I've written before about perfectionism and the problems it causes, specifically for the girls. I'm not so sure if I've touched on my own struggles with it, but in this case, the apple doesn't fall far from the tree. I've been a perfectionist for as long as I can remember, and until recently, it's killed my productivity.
As long as I remember, if I started something, I wanted to finish it and make it just so. If doing that seemed impossible, I'd avoid starting altogether. It wasn't until I grew up and began reading articles on the internet that I learned this is common. Up until then, I just thought it was a personal flaw. But it makes sense. When you hold yourself to an impossible standard and get angry with yourself when you fail to meet it, not trying in the first place becomes very tempting. You can't mess up what you don't do, right?
Even those times when it doesn't stop you from trying, it can halt your progress. This doesn't apply as much for cleaning as it does for creative work. I can't count how many times perfectionism caused me to stop writing a rough draft and start tearing it apart right in the middle or unravel a crochet project or give up working on a painting.

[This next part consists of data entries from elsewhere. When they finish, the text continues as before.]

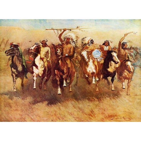 Pony War Dance Black Modern Wood Framed Art Print by Remington, Frederic
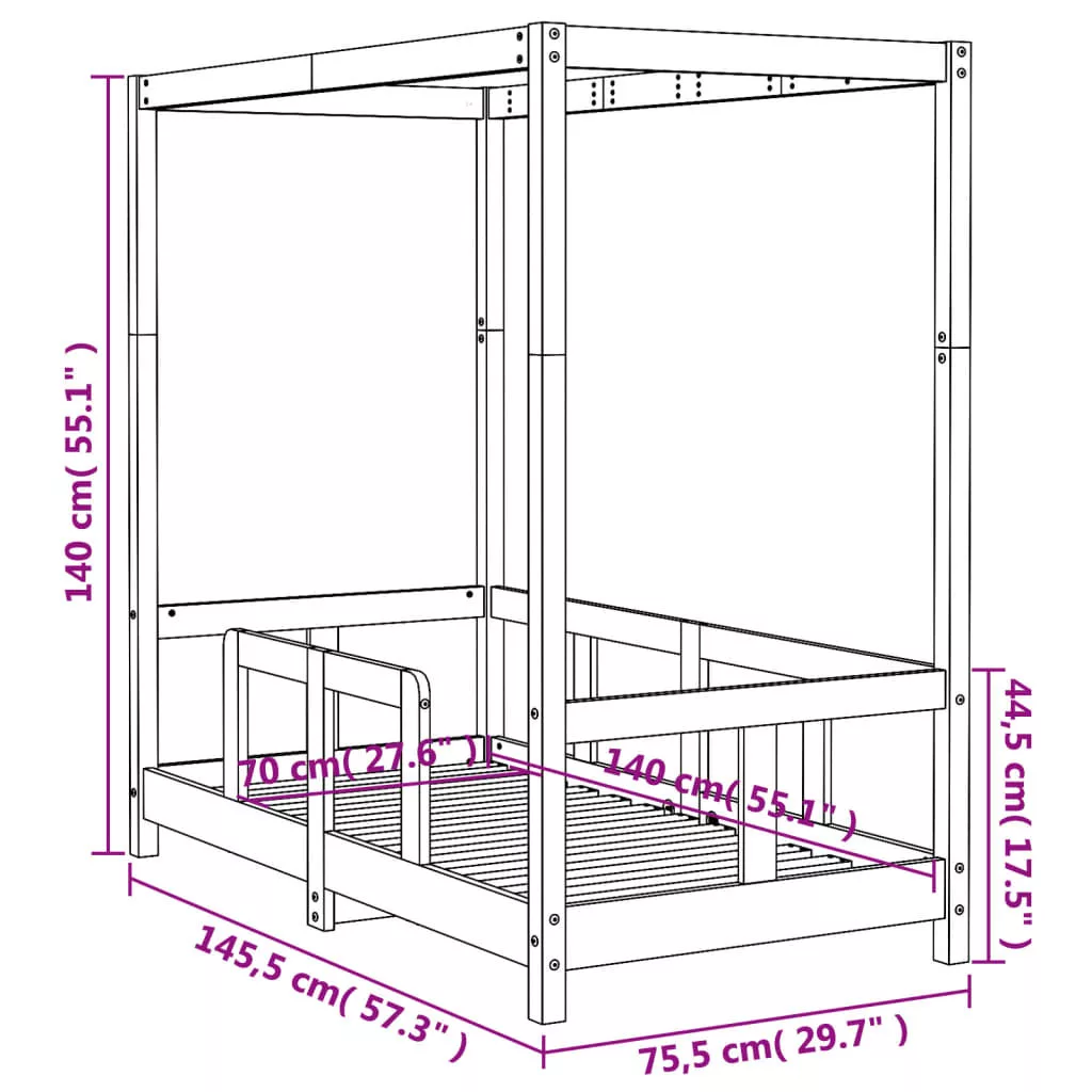 - Baldahinos ágy kialakítása: Ez a kisgyermekágy okosan megtervezett, baldachinos ágykerettel, amelyre ágyfüggönyöket akaszthat, hogy magánéletet teremtsen gyermeke számára.
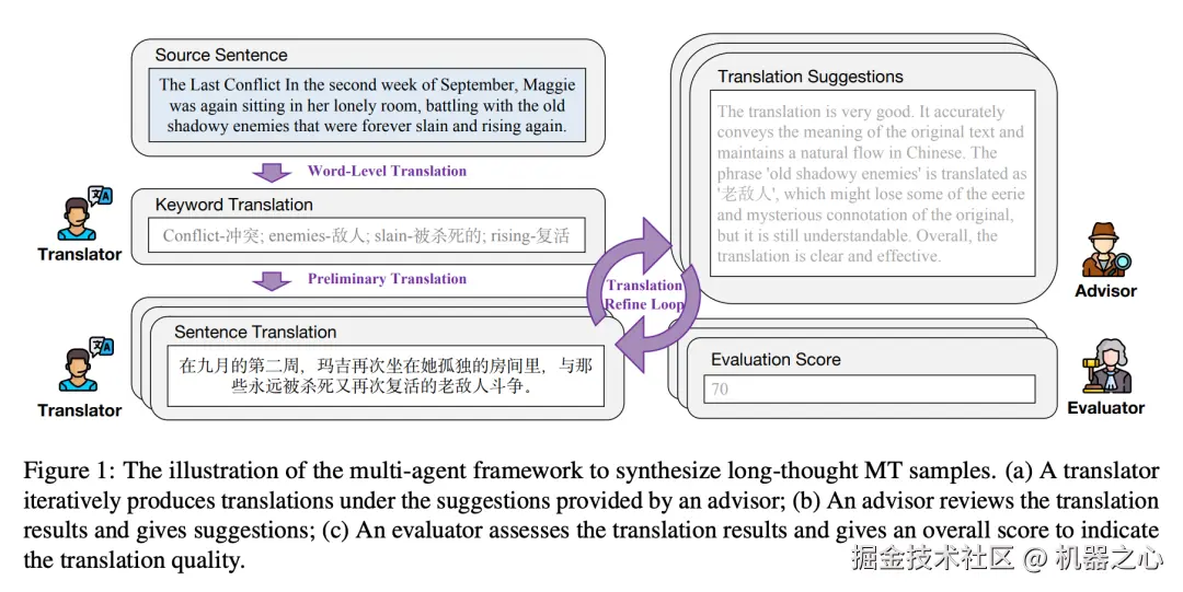 对于每个预先收集的句子(用 s 表示),研究者设计了一个多智能体框架,通过长时间的思考将其从英文翻译成中文。如图 1 所示,框架包括三个智能体:翻译者、顾问和评估者。合成过程如下:
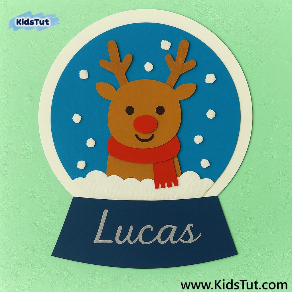 Here you have to print the reindeer template. Then color and cut it out. Paste your cut-out reindeer onto the globe. Now use some cotton or white paper pieces for ground snow, and paste them at the bottom of the globe to cover the reindeer’s bottom part. Finally, cut out cotton pad pieces, white dot stickers, or use cotton, and paste them around the reindeer.

That's what I'm fighting now. As you can see, I'm just past the halfway mark toward the goal for The Icarus Project. In order to try and get as close to the June release date as I can even with being so far behind, I asked the betas to start reading as I wrote instead of waiting until I had the second draft finished. This might have been a mistake considering my personality. I didn't think it'd be a problem, but the first bit of feedback I received has me itching to start tearing into the first half and rewrite it.
Looking back, I should have known. This is the exact reason it took me twenty years to finish Right of Succession. I'd come back from a short break due to something going on that took up a bunch of time, reread what I'd written, decide I hated it, and start all over. I must have done that fifty times or more between the first draft in 1994 until the last in 2014. That's why Hubby feels a sense of dread when I say anything at all about "rewrites." He's come to associate the word with my neurotic need to start over and over and over with the same material until I was satisfied it was as perfect as it could be.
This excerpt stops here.